The sun was lighting up bright spots where the peat
bogs held miniature lakes, among which were tiny islands of bushes and
low trees dotting the great marsh. Here and there small tamaracks stood
quite apart, as if their ragged dress had caused them to be ostracized by
the better clad spruces and firs.
Suddenly the men stopped near a little tree, and I saw that much of its
brown bark had been stripped off. On the white wood beneath there were
some curious dark red spots.
"A big stag has been rubbing his horns here within a day or two, Miss
Jelliffe," the doctor told me. "You ought to see one of them at work.

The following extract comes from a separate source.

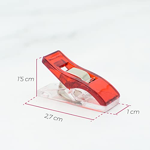 Contenuto della confezione: 50 clip in plastica e acciaio inossidabile di vari colori (blu, rosa, viola, arancione, verde, rosso). Dimensioni delle clip 2,7 x 1 x 1,5 cm, linee di demarcazione da 5 mm, 7 mm e 10 mm per misurare la distanza tra la clip e il bordo del tessuto. Apertura della clip fino a 1 cm.

Their horns must itch desperately when they are ready to shed their
velvet, for they hook away at these saplings as if they were actually
fighting them. Such blows as they give; one can hear them quite far off.
Look at this place where the wood has actually been splintered off. These
marks are dried blood. And now look down at your feet. This fellow is
surely a big one, the ground is soft and he has left a huge track. You
will notice that the toes are widely separated, and that the dew claws
have also left their mark. No other deer than the caribou ever make that
fourfold imprint, and they only do it on muddy ground or in snow."
"How I wish I could see him!" I cried, excitedly.
He had taken out a pair of field glasses, and was sweeping the great
barren with them.
"One does not often see the stags on the marsh at this time of the year,"
he said.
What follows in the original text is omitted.